I guess I should clarify that statement. I quit a church, not the church. But all the same, I found my
neighbors and a whole lot more when I did.

My wife and I had served for over eleven years as children and assistant pastors in a
nondenominational church. But as the years went by the demands and control of the overseers of our
fellowship increased exponentially. They had adopted the same attitudes which plague many leaders
and many churches in the United States. Believing they were to be like the mega-churches and mega-
ministries, they pressured our ministry to be the best, grow the fastest and demand the most from our
congregants.

In the midst of this pressure in our church, our pastoral team began to make countermeasures to teach
our people a balanced rhythm of life, family and faith. But soon, those over us rejected our efforts in
favor of more works and demanded more time, all wrapped up in the guise of "ministry" and "spiritual
development."

The congregation felt the pressure to be at this activity, this prayer meeting, that class. It was at the
height of this, we quit. It had became no longer spiritually or emotionally healthy for my wife, myself
and my young daughter. Years of “doing” church, running ministries and constantly having to be at
church almost every evening had weighed such a toll on us. We walked away.

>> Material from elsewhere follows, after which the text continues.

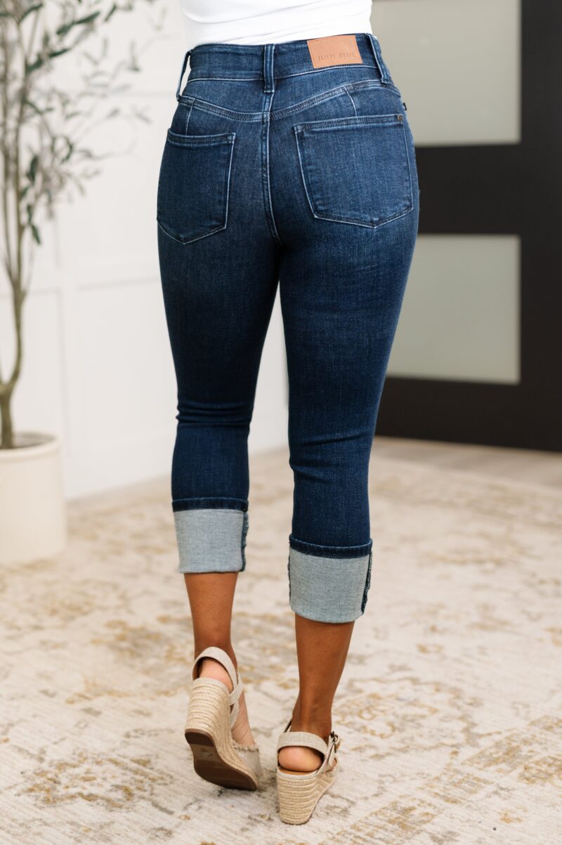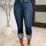 Elevate your style with Karen High Rise Double Waist Band Capri Jeans. The high rise and double button waistband provide a flattering fit, while the dark wash adds a touch of edge. These capri length jeans also feature an optional cuffed hem for a versatile look. Stay on trend with their skinny fit. (Jeans, but make it fashion!)

Not a popular thing to do, let me tell you.


For the next few weeks, both of us not working and broken by the responses of those we'd ministered
to and with for so many years, we began to sit on our porch each evening, numbly watching our
neighbors come and go. We knew these neighbors, at least by name, but we hadn't ever had the time to
get to know them more than the appropriate 'hello' and 'how about this weather?'

Years of doing Christian ministry had kept us from being Christian neighbors. But now, we began to
meet them.

Over the next few months, as I found a new job and we attended a new church that we had no
responsibilities for, we began to look forward to spending time with these new friends- friends who had
been living beside us all along. One married couple invited us to have a picnic with them in their front
yard. Another couple asked my wife, who was now unemployed, to be their babysitter when they
adopted their first child. (Soon she would get other offers, and now I have nicknamed her "the
neighborhood nanny.") Another family gave to us financially when they found out that we were
without an income, having left both of our jobs at the church.

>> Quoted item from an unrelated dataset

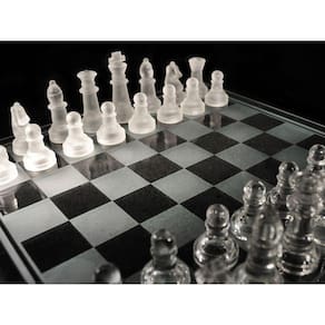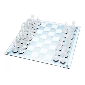 Lindo jogo de xadrez com base e peças em vidro, ideal para decoração de ambientes descontraídos ou para dar de presente para pessoas que gostam desse maravilhoso jogo de estratégia. Fixa Técnica Material: Vidro Medida Do Tabuleiro: 25cm x 25cm x 3mm Tamanho das peças: Peão 3cm / Rei 6cm. As demais peças seguem as proporções padrão em relação ao a altura do Rei. Peso: 800g As peças acompanham pezinho para não riscar o tabuleiro. Itens Incluso: 1 tabuleiro e 32 peças, sendo 16 de vidro transparente e 16 de vidro jateado.

Now these neighbors are becoming dear friends as our lives and homes are being melded together. The
love of God is being shared as we lay down the false boundaries of titles and ministries and learned the
first step of the Christian life all over again...friendship to our neighbors.

It's been three and a half years and we are in the process of planting our own church now. But the
lessons of the last few years are not being lost.

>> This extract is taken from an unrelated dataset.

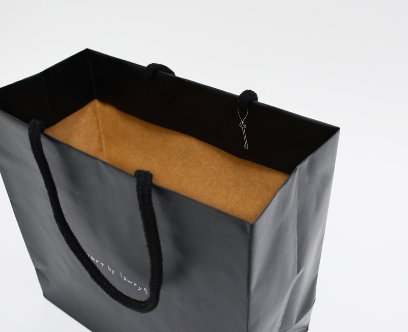 黒一色の紙袋に、手書きのような文字のロゴが、白の箔押しでさりげなく入っています。

Never will we demand so much of the people of our church that they cannot befriend those around
them. Paul asked the question: "How shall people know unless they are told?" I ask you, "How will
they be told, if those who do know are too busy in the church trying to keep the program going, that
they can't spend time outside the church with those who don't know?"

May our churches and ministries remember as they plan their activities, classes, and such that we will
never reach the world from sitting inside our four walls, but by enabling those who do frequent our
churches to perform the gospel right where they live, work and play. Let us be mature and release
believers to live the message of freedom, love and grace.